### Directions
Aim for an exact copy of the listing, without any images.

(Extracted material)

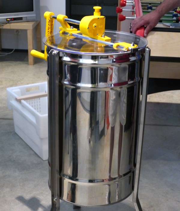 JP has been tooling-up and amassing the requisite tackle, to be co-owned by us and new crew member, Vincent. The key piece of machinery is the Extractor. This is a drum, containing three cages, each of which will hold a frame. Ours is hand powered, the handle is turned to start the frames spinning, and the honey is driven from the cells by centrifugal force.
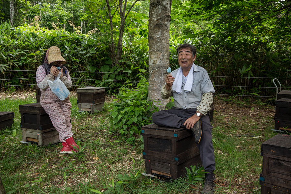 |現場に到着すると、熊避け電柵の電源を切ることから仕事が始まる。「熊が一度付いたら、もう離れません」と欣一さんが言う。北海道の養蜂家は、熊対策に細心の注意を払わなければならないのだ。
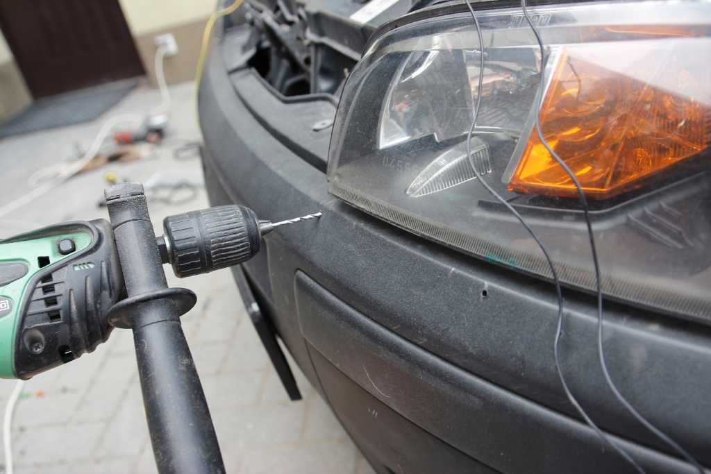 Wiercenie i dziurawienie zderzaka. Bałem się co z tego będzie. Ryzyk fizyk  . W odmierzone odległości i wyznaczone kropki wierciłem dziurki. Wiertarka stała się frezarką. Załącznik:
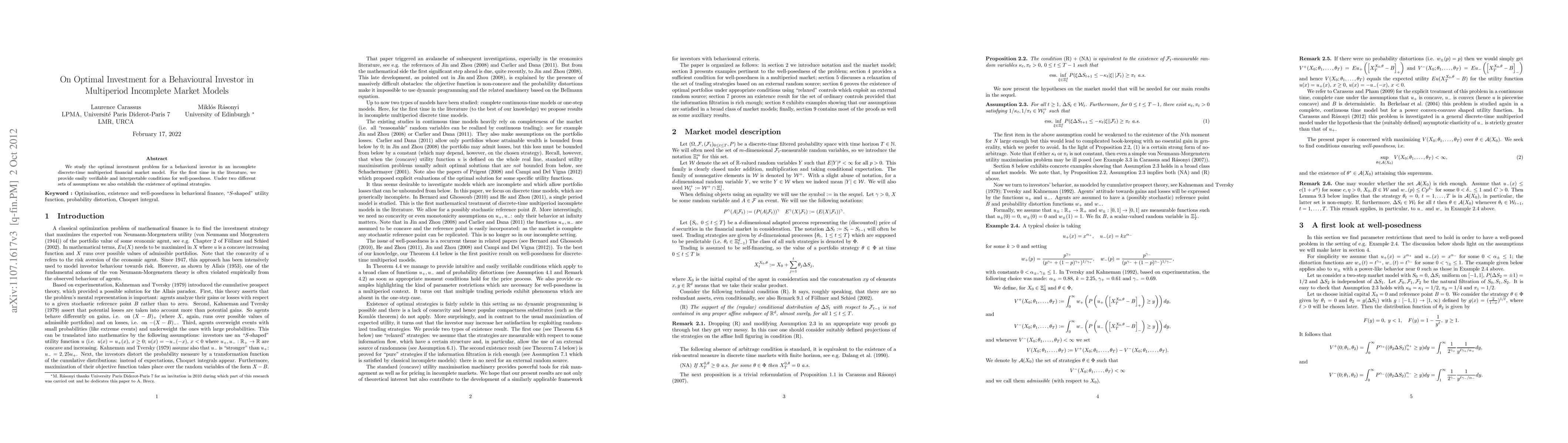 This research paper establishes conditions for optimal investment in behavioral finance models with incomplete markets, providing verifiable assumptions for well-posedness and existence of optimal strategies.
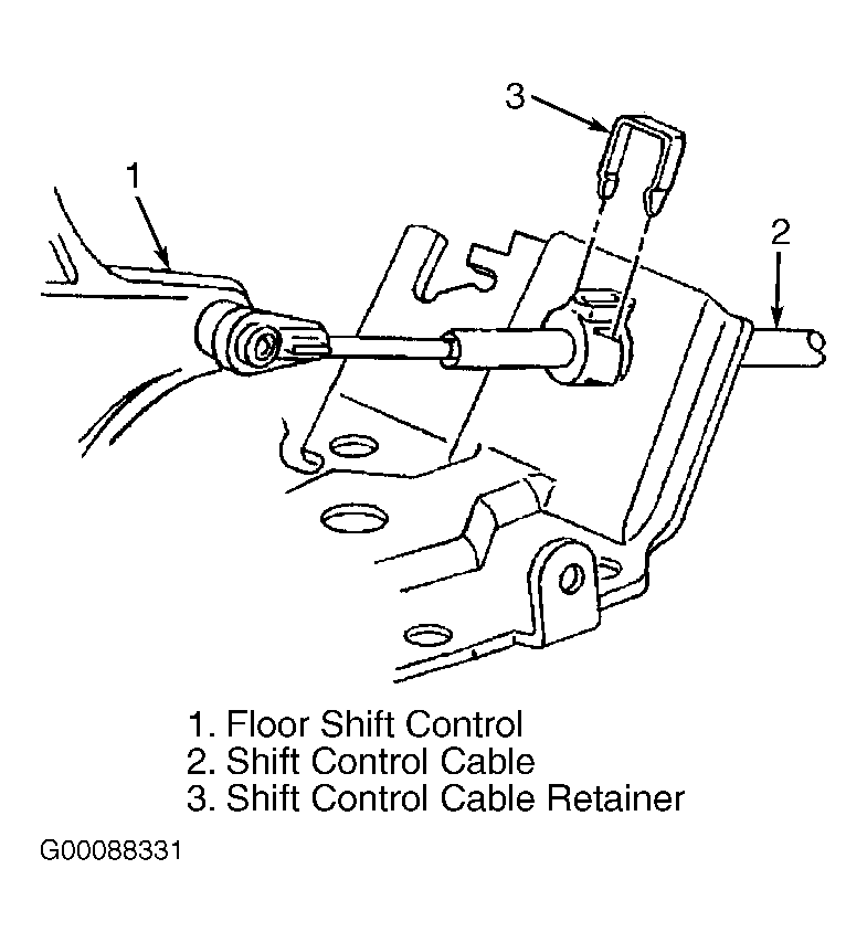 - Pull the cable locking clip fully upward at the floor shift control. See Figure.
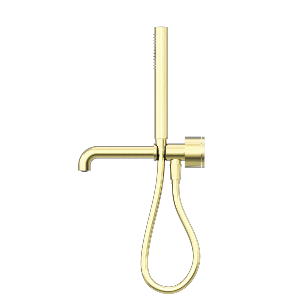 The Nero Kara Progressive Shower System Separate Plate With Spout, available in 230mm and 250mm sizes, is crafted from durable brass for strength and style. It features a 25mm progressive cartridge, dial-operated diverter, and a single-function brass hand shower for precise control. Designed for efficiency with a 3 Star WELS rating and 8L/min flow rate, it is available in Brushed Bronze, Brushed Gold, Brushed Nickel, Chrome, Gun Metal, and Matte Black, supported by extensive residential and commercial warranties.
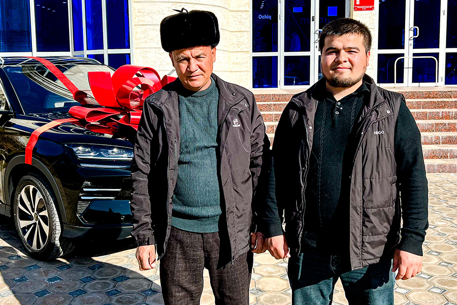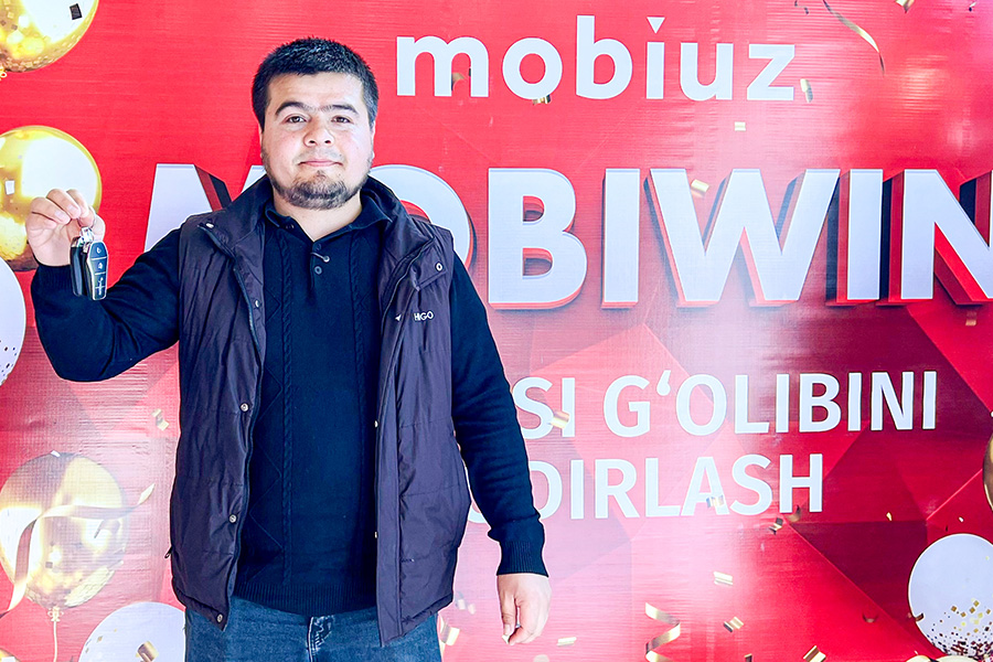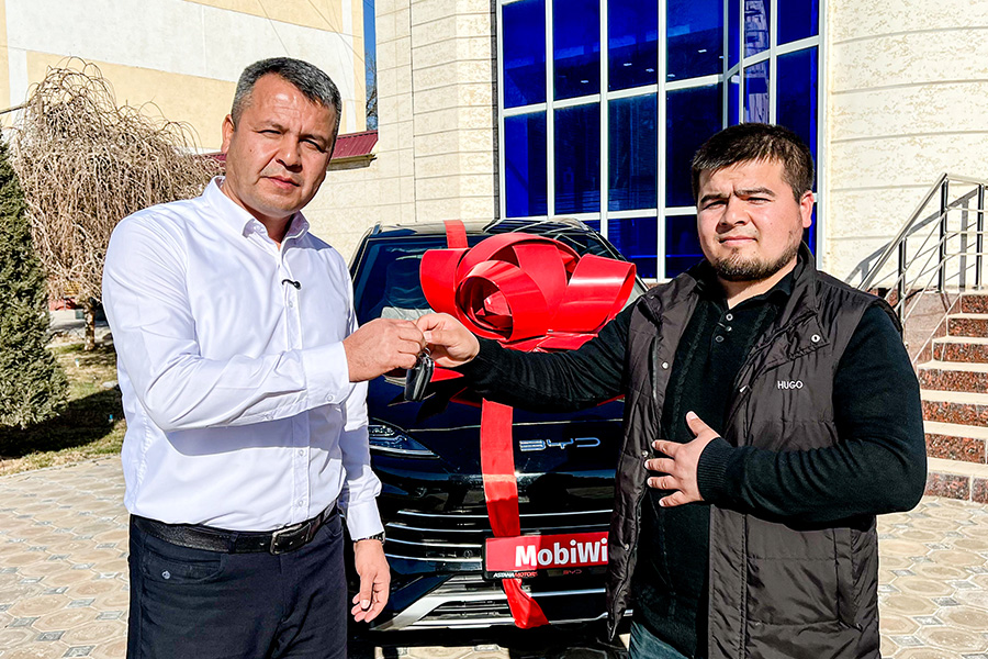 Mobiuz vakillari MobiWin aksiyasi g‘olibi Abbos Egamberdiyevga BYD avtomobili kalitlarini tantanali ravishda topshirdilar.
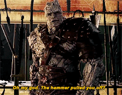 The brief sneak peek finds The Odinson (Chris Hemsworth) in the midst of a battle and calling for the reformed hammer of the gods. Mjolnir flies to him, but stops just short of his outstretched hand and zips back to its new owner, Jane Foster.
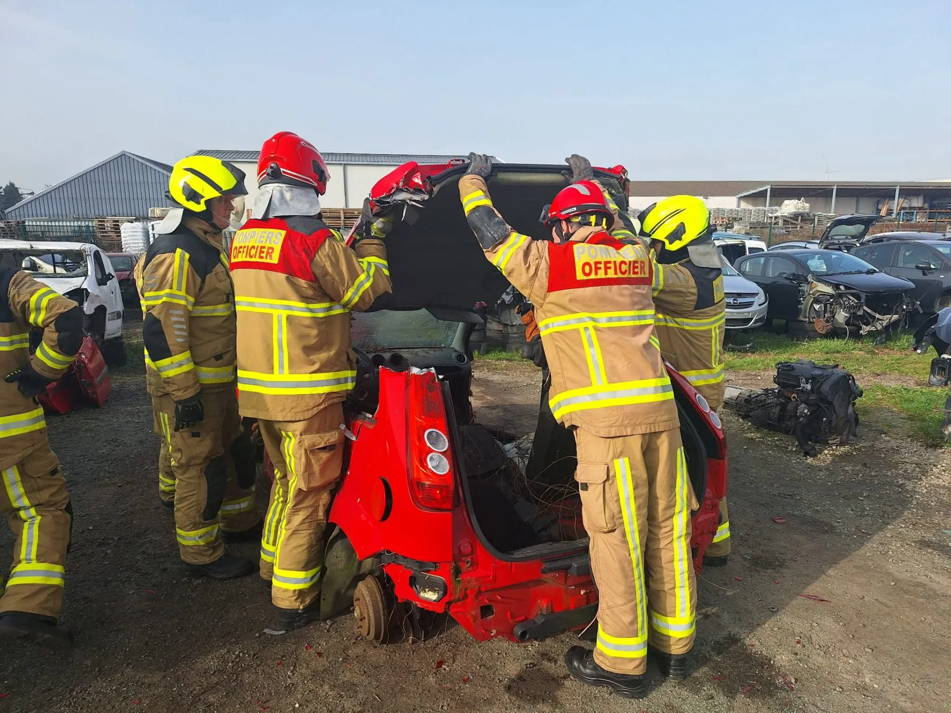 Deux véhicules ont été mis à disposition par l’entreprise Démolition Falque, offrant ainsi aux secouristes la possibilité de s’entraîner dans des conditions proches de celles rencontrées sur le terrain.
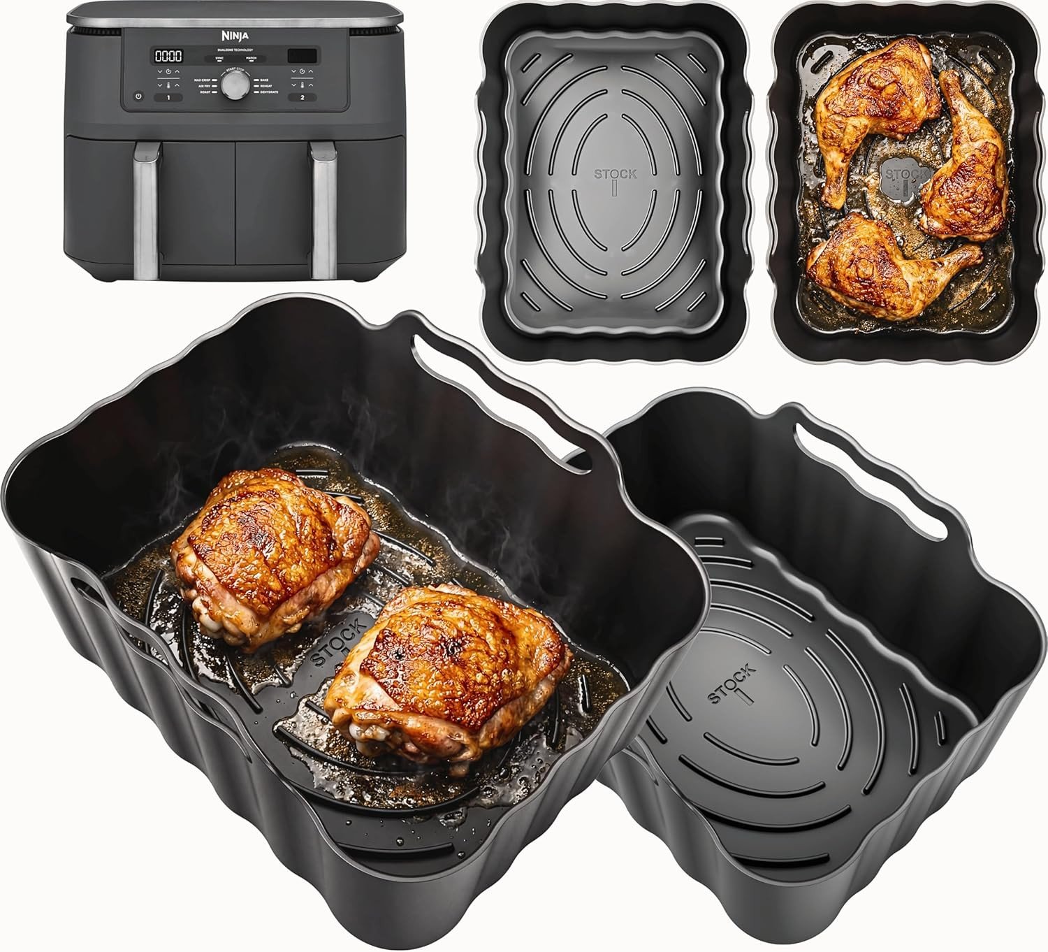 Silicone Air Fryer Liners for Ninja Dual, 2 Pack Air Fryer Accessories Reusable
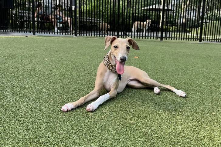 Un Italian Greyhuahua allongé sur une surface gazonnée et ayant la langue pendante
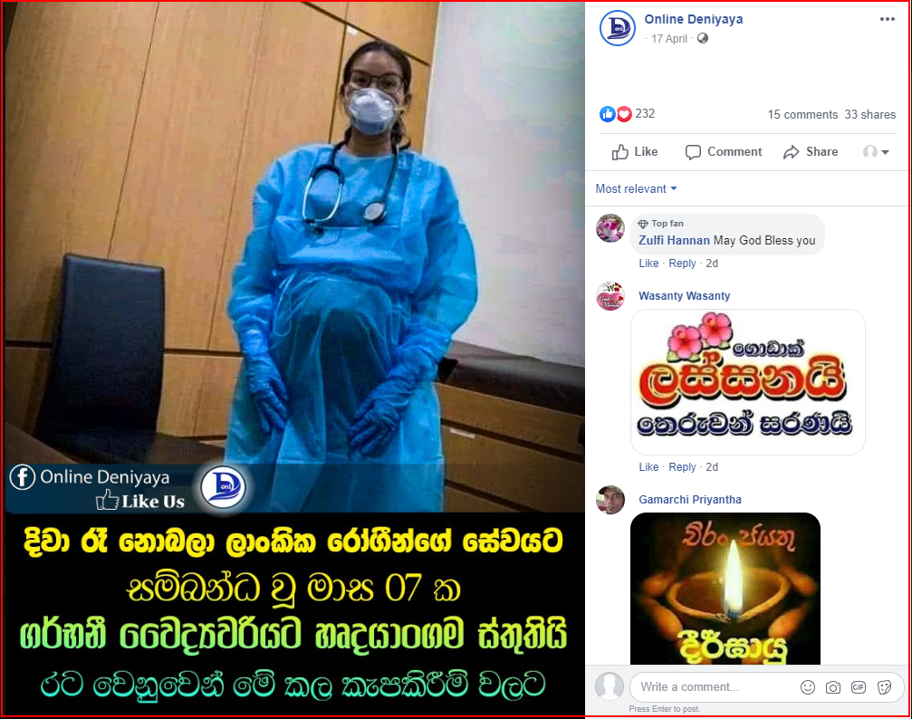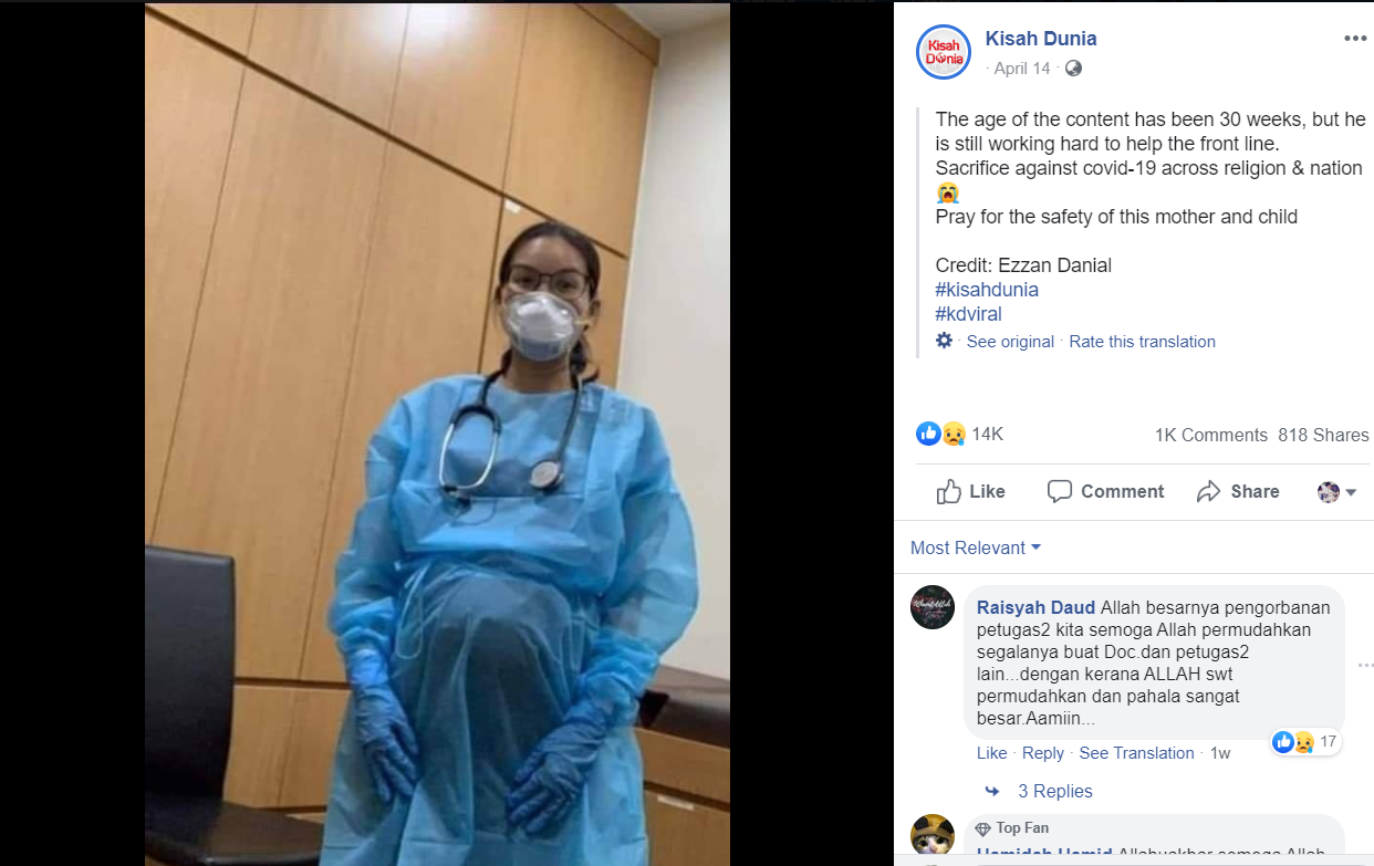 ෆේස්බුක් සටහනකට මෙම ඡායාරූපය අප්රේල් 14 වැනි දින එක්කර ඇති අතර එහි සඳහන් වූයේ් මැලේසියානු වෛද්යවරිය සති 30 ක ගැබිණියක් බවයි.

(End Extracted material)

### Written answer
 JP has been tooling-up and amassing the requisite tackle, to be co-owned by us and new crew member, Vincent. The key piece of machinery is the Extractor. This is a drum, containing three cages, each of which will hold a frame. Ours is hand powered, the handle is turned to start the frames spinning, and the honey is driven from the cells by centrifugal force.
 |現場に到着すると、熊避け電柵の電源を切ることから仕事が始まる。「熊が一度付いたら、もう離れません」と欣一さんが言う。北海道の養蜂家は、熊対策に細心の注意を払わなければならないのだ。
 Wiercenie i dziurawienie zderzaka. Bałem się co z tego będzie. Ryzyk fizyk  . W odmierzone odległości i wyznaczone kropki wierciłem dziurki. Wiertarka stała się frezarką. Załącznik:
 This research paper establishes conditions for optimal investment in behavioral finance models with incomplete markets, providing verifiable assumptions for well-posedness and existence of optimal strategies.
 - Pull the cable locking clip fully upward at the floor shift control. See Figure.
 The Nero Kara Progressive Shower System Separate Plate With Spout, available in 230mm and 250mm sizes, is crafted from durable brass for strength and style. It features a 25mm progressive cartridge, dial-operated diverter, and a single-function brass hand shower for precise control. Designed for efficiency with a 3 Star WELS rating and 8L/min flow rate, it is available in Brushed Bronze, Brushed Gold, Brushed Nickel, Chrome, Gun Metal, and Matte Black, supported by extensive residential and commercial warranties.
 Mobiuz vakillari MobiWin aksiyasi g‘olibi Abbos Egamberdiyevga BYD avtomobili kalitlarini tantanali ravishda topshirdilar.
 The brief sneak peek finds The Odinson (Chris Hemsworth) in the midst of a battle and calling for the reformed hammer of the gods. Mjolnir flies to him, but stops just short of his outstretched hand and zips back to its new owner, Jane Foster.
 Deux véhicules ont été mis à disposition par l’entreprise Démolition Falque, offrant ainsi aux secouristes la possibilité de s’entraîner dans des conditions proches de celles rencontrées sur le terrain.
 Silicone Air Fryer Liners for Ninja Dual, 2 Pack Air Fryer Accessories Reusable
 Un Italian Greyhuahua allongé sur une surface gazonnée et ayant la langue pendante
 ෆේස්බුක් සටහනකට මෙම ඡායාරූපය අප්රේල් 14 වැනි දින එක්කර ඇති අතර එහි සඳහන් වූයේ් මැලේසියානු වෛද්යවරිය සති 30 ක ගැබිණියක් බවයි.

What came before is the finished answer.